DATA SECTION:
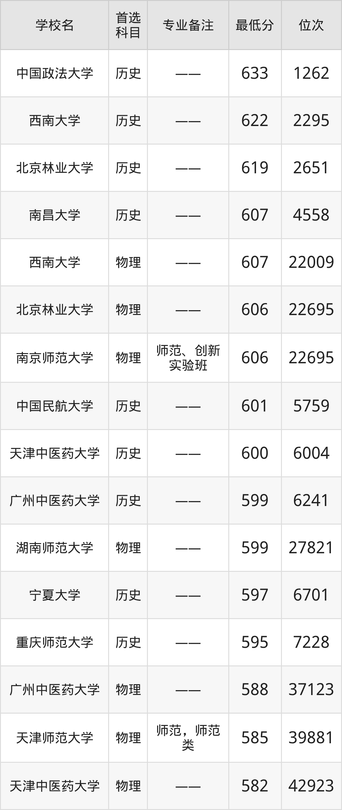 应用心理学分数线排名前五的院校分别是:633分的中国政法大学、622分的西南大学、619分的北京林业大学、607分的南昌大学、606分的南京师范大学(师范、创新实验班)。
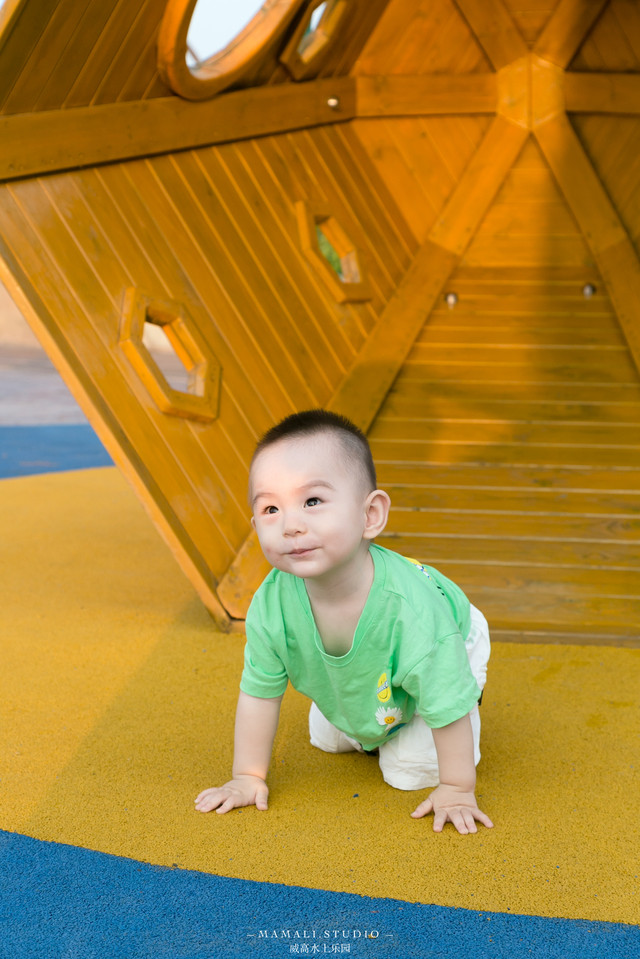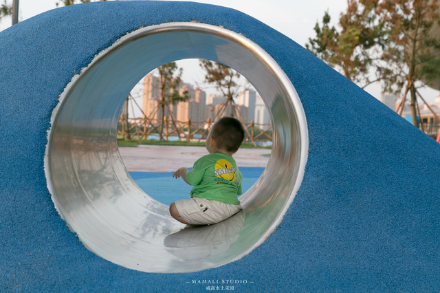 我家KK宝贝最爱的就是蓝色的起伏小坡坡了,他爬上爬下的,玩乐不少了来回!还喜欢铁皮小滑梯,对于刚满一岁的他来说,这个高度和坡度也是刚刚好的。
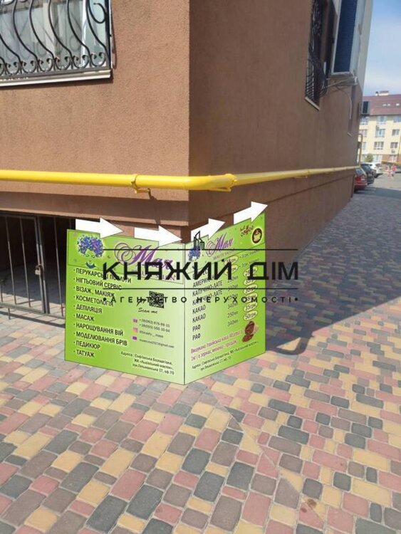 Оренда приміщення на Софіївській Борщагівці по вул.Гетьманській 17 в ЖК Львівській Маєток. Готове приміщення під Салон. Загальна площа 55м2, напівпідвальне приміщення. Окрема вхідна група. Є ресепшн та каво-машина. Центральна зала 29м2, складається з двух парехмахерських робочих місць, перше - манікюр/педикюр, друге-для візажу. М’який диван, крісло, шафа-купе, ТВ, кондиціонер, WI-FI (все професійне меблювання в наявності, душ-кабіна), с/в 4м2, є пральна машина. Накриття перед входом. Є наружна реклама з декількох позицій. Ціна оренди 25.000 грн + к.п. Код об’єкта:1581803
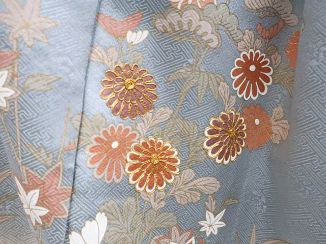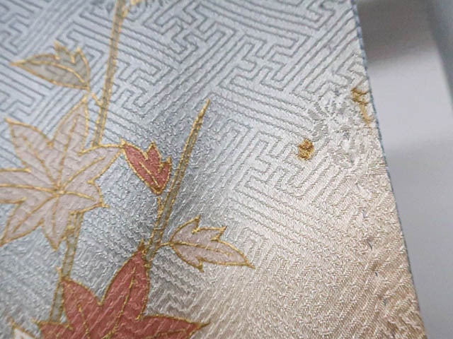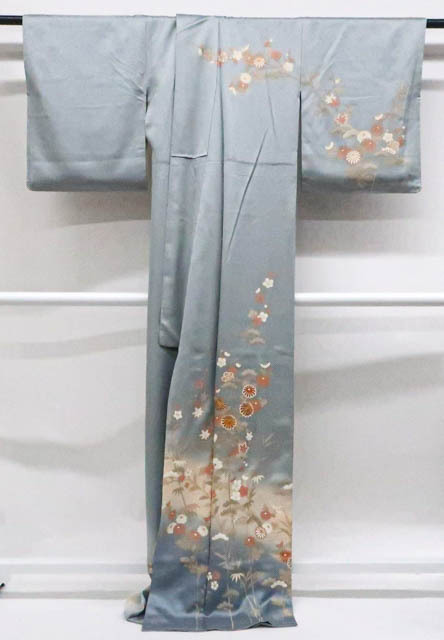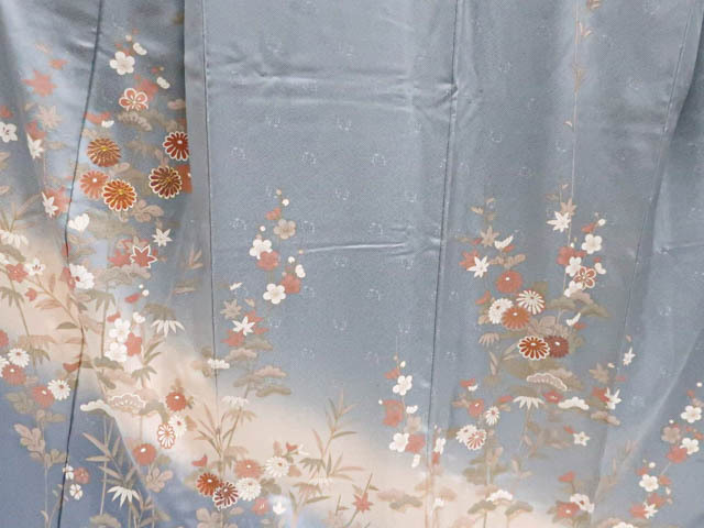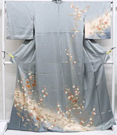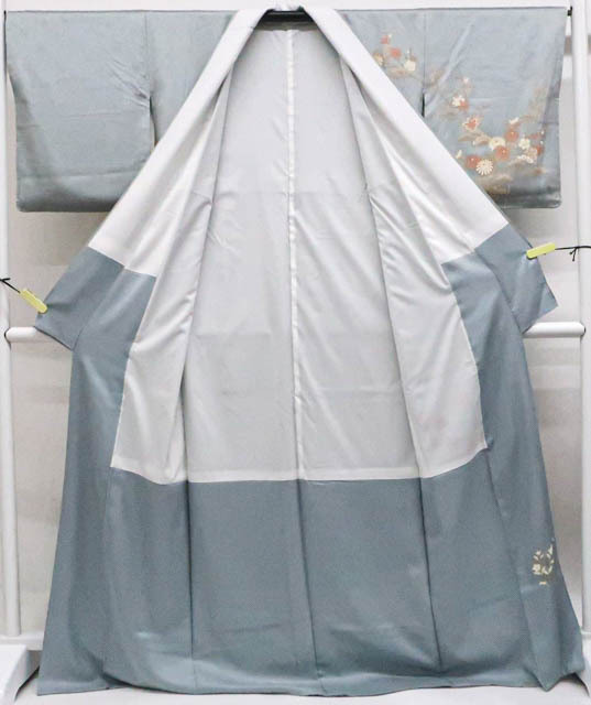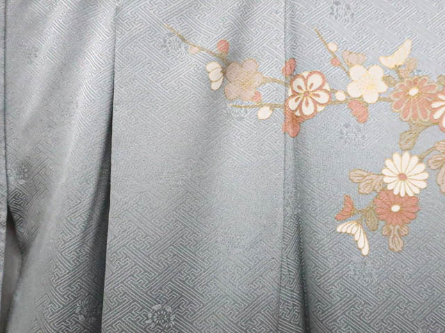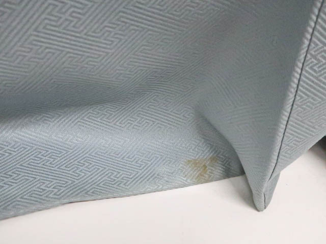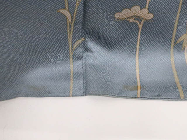 リサイクル商品のため、両袖に汚れがございます。 裏表所々しみがございますが着用可能なお品です。 地色は灰水です。 1枚目の画像が近いお色かと思われます。 素材は正絹です。 |

WHAT THE TASK REQUIRES: Extract exactly the lines above from the line containing "我家KK宝贝最爱的就是蓝色的" through the last one, both ends included, but not the pictures.

OUTPUT:
 我家KK宝贝最爱的就是蓝色的起伏小坡坡了,他爬上爬下的,玩乐不少了来回!还喜欢铁皮小滑梯,对于刚满一岁的他来说,这个高度和坡度也是刚刚好的。
 Оренда приміщення на Софіївській Борщагівці по вул.Гетьманській 17 в ЖК Львівській Маєток. Готове приміщення під Салон. Загальна площа 55м2, напівпідвальне приміщення. Окрема вхідна група. Є ресепшн та каво-машина. Центральна зала 29м2, складається з двух парехмахерських робочих місць, перше - манікюр/педикюр, друге-для візажу. М’який диван, крісло, шафа-купе, ТВ, кондиціонер, WI-FI (все професійне меблювання в наявності, душ-кабіна), с/в 4м2, є пральна машина. Накриття перед входом. Є наружна реклама з декількох позицій. Ціна оренди 25.000 грн + к.п. Код об’єкта:1581803
 リサイクル商品のため、両袖に汚れがございます。 裏表所々しみがございますが着用可能なお品です。 地色は灰水です。 1枚目の画像が近いお色かと思われます。 素材は正絹です。 |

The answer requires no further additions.